• _RECORDS FOR THIS TASK_:
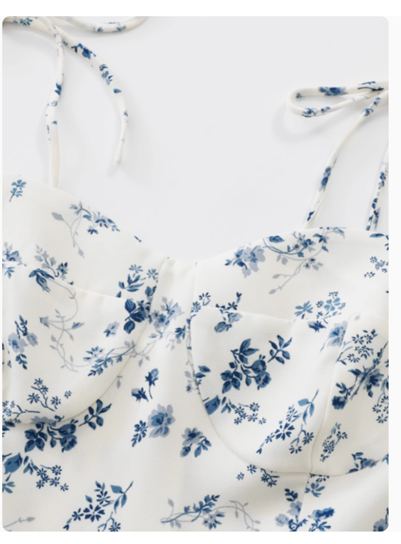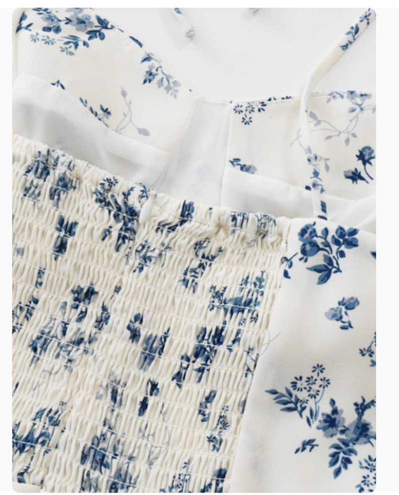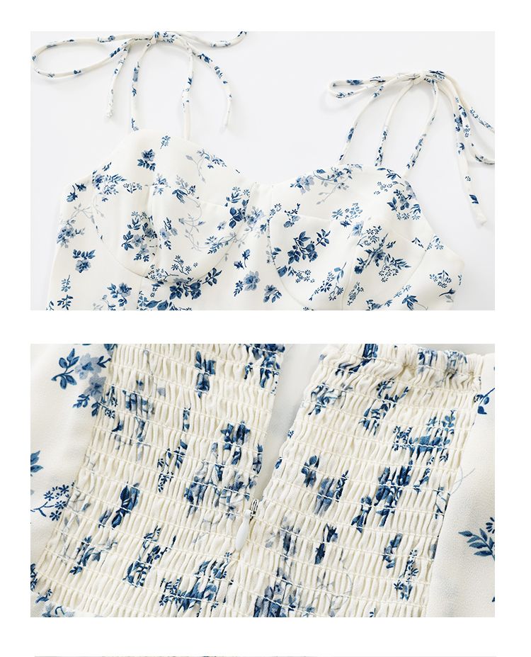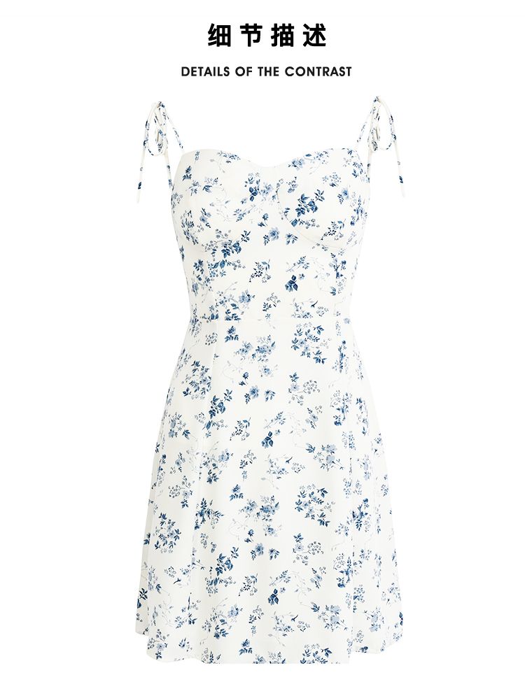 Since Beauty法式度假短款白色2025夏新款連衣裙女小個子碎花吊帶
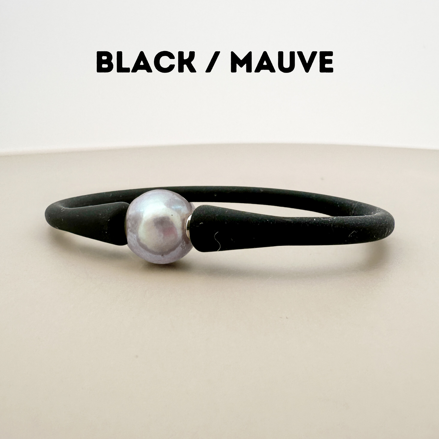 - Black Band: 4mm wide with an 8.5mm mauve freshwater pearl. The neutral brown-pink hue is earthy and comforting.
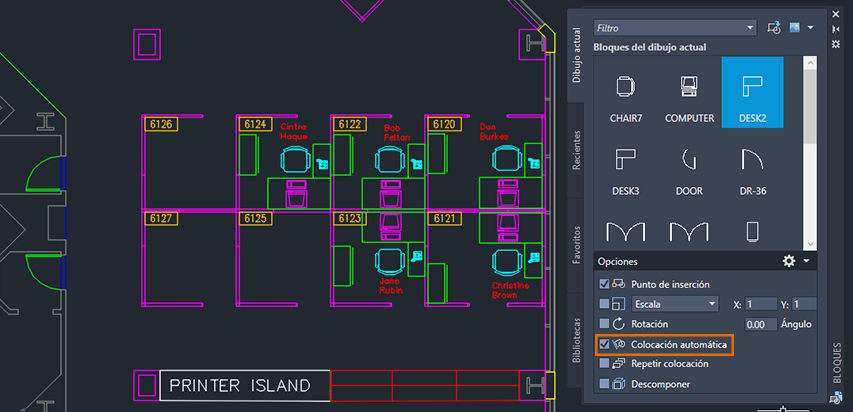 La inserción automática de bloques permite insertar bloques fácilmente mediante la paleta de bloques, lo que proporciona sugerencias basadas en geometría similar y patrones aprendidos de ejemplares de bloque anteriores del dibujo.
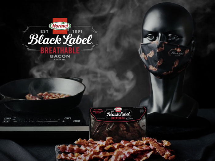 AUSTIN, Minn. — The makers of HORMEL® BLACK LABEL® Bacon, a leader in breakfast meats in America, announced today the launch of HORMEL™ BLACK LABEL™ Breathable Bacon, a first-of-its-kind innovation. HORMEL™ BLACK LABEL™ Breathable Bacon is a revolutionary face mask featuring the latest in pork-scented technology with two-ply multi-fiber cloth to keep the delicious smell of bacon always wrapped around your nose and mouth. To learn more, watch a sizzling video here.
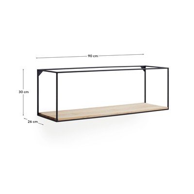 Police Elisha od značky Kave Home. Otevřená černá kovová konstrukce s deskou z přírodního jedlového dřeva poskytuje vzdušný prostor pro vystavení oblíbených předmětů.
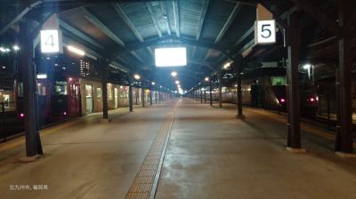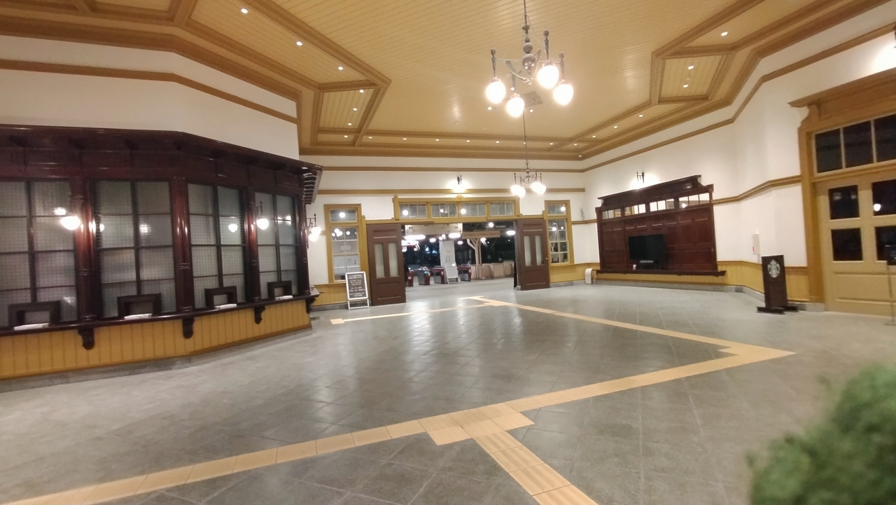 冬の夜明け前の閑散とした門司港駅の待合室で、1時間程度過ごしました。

• _TASK OBJECTIVE_: Lines before the one containing "AUSTIN, Minn. —" are not wanted; write out that line and every later line through the end of the data above, exactly, without pictures.

• _RESULT OF THE EXERCISE_:
 AUSTIN, Minn. — The makers of HORMEL® BLACK LABEL® Bacon, a leader in breakfast meats in America, announced today the launch of HORMEL™ BLACK LABEL™ Breathable Bacon, a first-of-its-kind innovation. HORMEL™ BLACK LABEL™ Breathable Bacon is a revolutionary face mask featuring the latest in pork-scented technology with two-ply multi-fiber cloth to keep the delicious smell of bacon always wrapped around your nose and mouth. To learn more, watch a sizzling video here.
 Police Elisha od značky Kave Home. Otevřená černá kovová konstrukce s deskou z přírodního jedlového dřeva poskytuje vzdušný prostor pro vystavení oblíbených předmětů.
 冬の夜明け前の閑散とした門司港駅の待合室で、1時間程度過ごしました。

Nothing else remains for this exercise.